Keywords: online banner ads, retargeting ads, ad stock, Nerlove-Arrow, Gaussian processes

To Whom, When, and What to Ask?: Mitigating Unhealthy Behaviors and Detecting Relapse with Customized Real-Time Mobile Interventions

Abstract: Ecological Momentary Assessments (EMAs), a type of repeated real-time self-measurements, have been used extensively in health-related studies, especially those regarding substance usage, due to their capabilities both as a form of intervention and as an inobtrusive way of collecting granular data for predicting individual-level outcomes. However, one often-cited practical concern to using EMAs is response fatigue, leading to participant inattentiveness and even attrition, which may limit researchers’ ability to gather diagnostic information and hinder participants’ abatement progress. To assuage such concerns, we propose a Bayesian dynamic factor model that allows researchers to curtail EMA activations for individuals more likely to experience response fatigue and whose responses are expected to vary little over time, as well as to omit participant-specific “temporally redundant” items (i.e., for which responses are expected remain stable) from EMAs. We will be applying the framework to a rich panel dataset from a smoking cessation program where we expect the balance between participants’ response burdens and researchers’ ability to gather timely and relevant data to result in a decline in EMA noncompliance and an improvement in health outcomes.

Impartial Judges or Architects of Echo Chambers?: Role of Moderators’ Interventions on Reddit

Abstract: Many subcommunities in online forums and/or discussion boards have their own set of moderators who enforce their respective content policies. While they are expected to engage in impartial and consistent content moderation, they are often accused of possessing biases, most often of political nature, unfairly punishing posts and comments that are counter to their personal beliefs. Victims of such inconsistences may start self-censoring or become disengaged, gradually turning the subcommunity into an ideological “echo chamber” in which only conforming opinions are tolerated and progressively reinforce one another.

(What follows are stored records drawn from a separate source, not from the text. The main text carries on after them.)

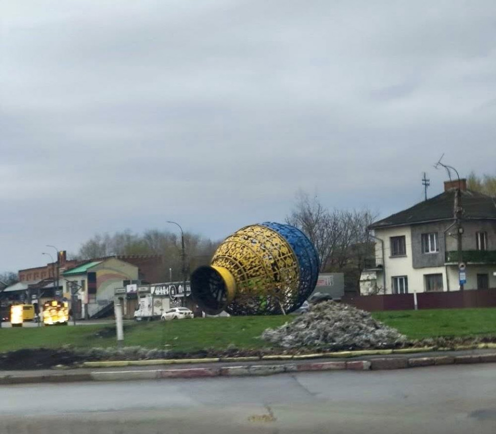 У Коломиї автівка знесла декоративну писанку на кільці (фотофакт)
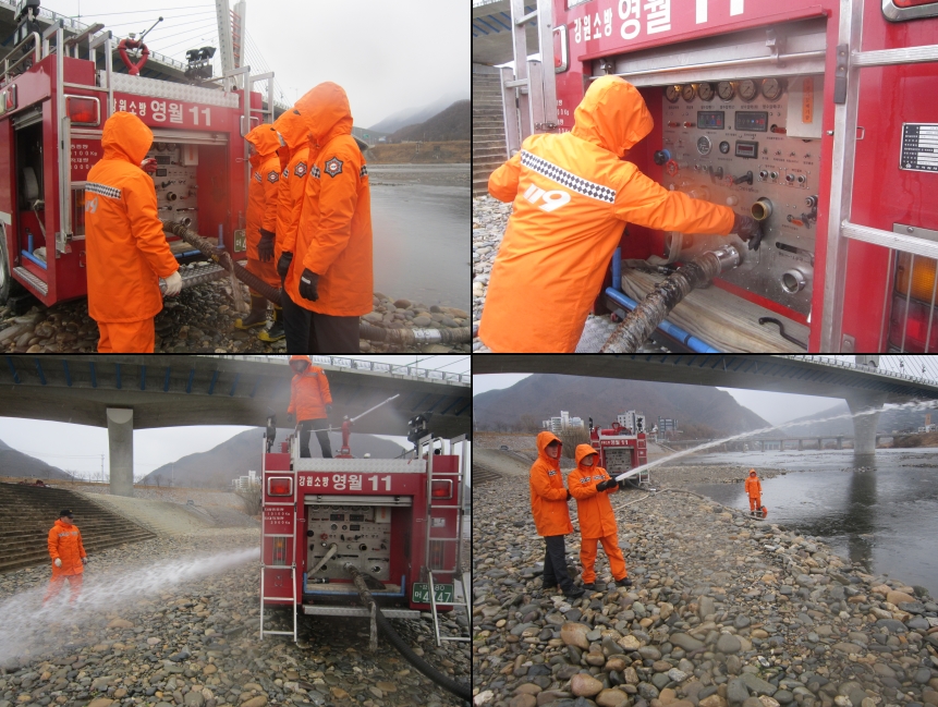 영월소방서(서장 김남백) 영월119안전센터에서는 빈틈없는 현장활동을 위해 자연수리를 점령하여 흡수조작훈련, 수중펌프 이용 방수 훈련을 실사하였습니다.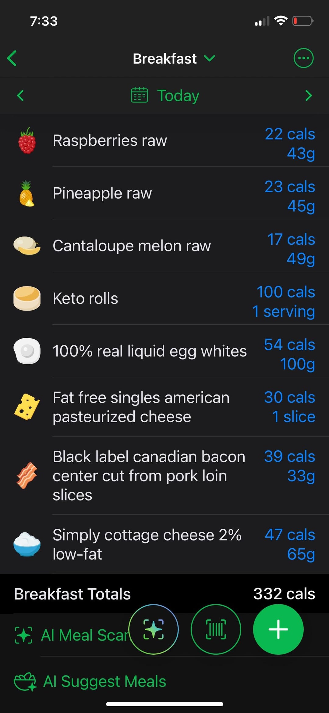 Breakfast: Sandwich with Egg Whites, 2 pieces of Canadian Bacon, Melinda’s Truffle Hot Sauce, Fat Free American Cheese Slice, Keto Sandwich Bun. Side of Cantaloupe, Raspberries, Pineapple, Good Culture Cottage Cheese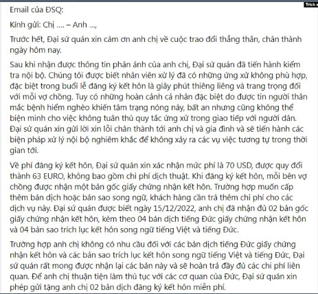 Ông Vũ Quang Minh – Đại sứ Việt Nam tại Đức mới đưa lên trang facebook của ông một email của Đại sứ quán Việt Nam tại Đức vừa gửi chị nào đó và anh nào đó để cám ơn về "cuộc trao đổi thẳng thắn, chân thành ngày hôm nay". Theo đó Đại sứ quán đã tiến hành kiểm tra nội bộ. Chúng tôi được biết nhân viên xử lý đã có những ứng xử không phù hợp, đặc biệt trong buổi lễ đăng ký kết hôn là giây phút thiêng liêng và trang trọng đối với mỗi vợ chồng. Tuy có những hoàn cảnh cá nhân đặc biệt do được tin người thân mắc bệnh hiểm nghèo khiến tâm trạng nóng nảy, bất an nhưng cũng không thể biện minh cho việc không tuân thủ quy tắc ứng xử trong giao tiếp với người dân. Đại sứ quán xin gửi lời xin lỗi chân thành tới anh chị và gia đình và sẽ tiến hành các biện pháp xử lý nội bộ nghiêm khắc để không xảy ra các vụ việc tương tự trong thời gian tới...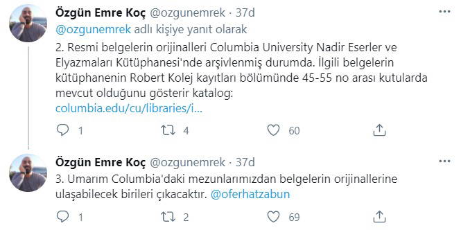 Özgün Emre Koç belge ile ilgili, “Resmi belgelerin orijinalleri Columbia University Nadir Eserler ve Elyazmaları Kütüphanesi'nde arşivlenmiş durumda. İlgili belgelerin kütüphanenin Robert Kolej kayıtları bölümünde 45-55 no arası kutularda mevcut olduğunu gösterir” ifadelerini kullandı.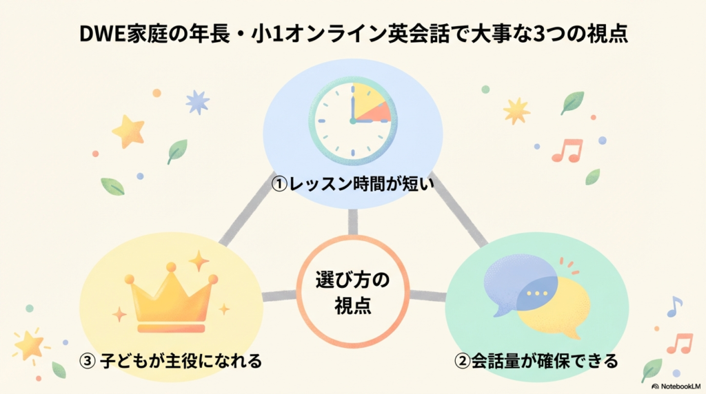年長・小1の時期は、「何を学ぶか」よりも「どんな雰囲気で英語に触れるか」が大切。こうした視点を意識してオンライン英会話を見ると、サービスごとの違いが分かりやすくなります。

By applying natural language processing techniques to text data obtained from the Reddit API and the website “reveddit,” which archives Reddit content deleted by moderators, we plan to seek empirical evidence of such moderation biases on various subreddits. We aim to explore the role of moderators’ interventions in the formation of echo chambers beyond that of self-selection of users into subreddits or content recommendation algorithms, by measuring the shifts in engagement level of users with different political leanings within each subreddit.

Optimizing One-shot Promotional Inducements in a Two-sided Choice Setting: An Application to Scholarship Offerings

Abstract: Each year, university admissions administrators face the complex task of distributing scholarship funds across admitted students with the objective of luring the most desirable cohort (in expected gender parity, standardized test scores, etc.) to accept their offers, subject to various stochastic constraints (e.g., expected total scholarship expended; cohort size). This constitutes a unique two-sided choice setting in which schools, when determining the optimal scholarship amounts, need to incorporate their beliefs about each student’s offers from competing ones. We use a dataset from a university graduate program to make inferences on each student’s unobservable choice (admissions-scholarship) set, and then evaluate the prospects of converting them under various scholarship amounts. To accurately assess the impact of scholarships on students’ propensity to accept an offer, we collaborate with the financial aid directors to conduct two rounds of efficient field experiments on portions of admitted students one year apart. Specifically, scholarship amounts are orthogonally adjusted within each stratum of estimated offer acceptance propensities to induce maximal variations in treatment.